Spoken Language Understanding

28 03 2007

Dilek Hakkani-Tür, ICSI and Gokhan Tur, SRI International

Abstract

Understanding language is about extracting the “meaning” from natural language input. Although meaning is the holy grail to not only linguistics but also to philosophy, psychology, and neuroscience, [1] in the last decade a variety of practical language understanding systems have been built. Language understanding tasks include information extraction, topic detection and tracking, question answering, summarization, information distillation and understanding in spoken dialog systems.

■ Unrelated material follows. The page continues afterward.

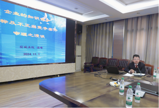 会议结束后,经开区检察院邀请宿城区人民法院民二庭员额法官汤峰围绕“知识产权及商标案件审理”作专题授课。汤峰法官结合真实案例向企业讲解商标侵权常见表现形式、面临的法律后果,并为企业预防商标侵权提供了专业意见,有效增强了民营酒企的知识产权意识。

These systems mostly use task-specific meaning representations, hand-crafted based on the requirements of the application. An example is the user intents used in some customer care spoken dialog systems [2]. On the other hand, in the computational linguistics domain, task independent semantic representations have been proposed since the last few decades. Two notable studies are the FrameNet [3] and PropBank [4] projects.

One of the biggest challenges of spoken language understanding is the characteristics of naturally spoken language, which varies greatly orthographically and incorporates prosody and syntax. The same meaning can be expressed in many different surface forms and also the same surface form can express many different meanings. Another challenge for spoken language understanding is robustness to noise in the input resulting from the errors in the speech recognizer output and the disfluencies in spontaneously spoken language. Furthermore, one has to deal with the lack of typographic cues such as paragraphs and punctuation in the speech recognizer output.

In this tutorial, we first begin by describing spoken language understanding and summarizing the challenges. We briefly present related work on domain-dependent and independent meaning representations. We then describe and present the state-of-the-art for some of the popular language understanding tasks in detail. We have categorized the SLU tasks into 2. Lower-level tasks are typically enabling technologies which are then used by higher-level SLU tasks. For example named entity extraction is a basic understanding task whose output is used in distillation or spoken dialog systems.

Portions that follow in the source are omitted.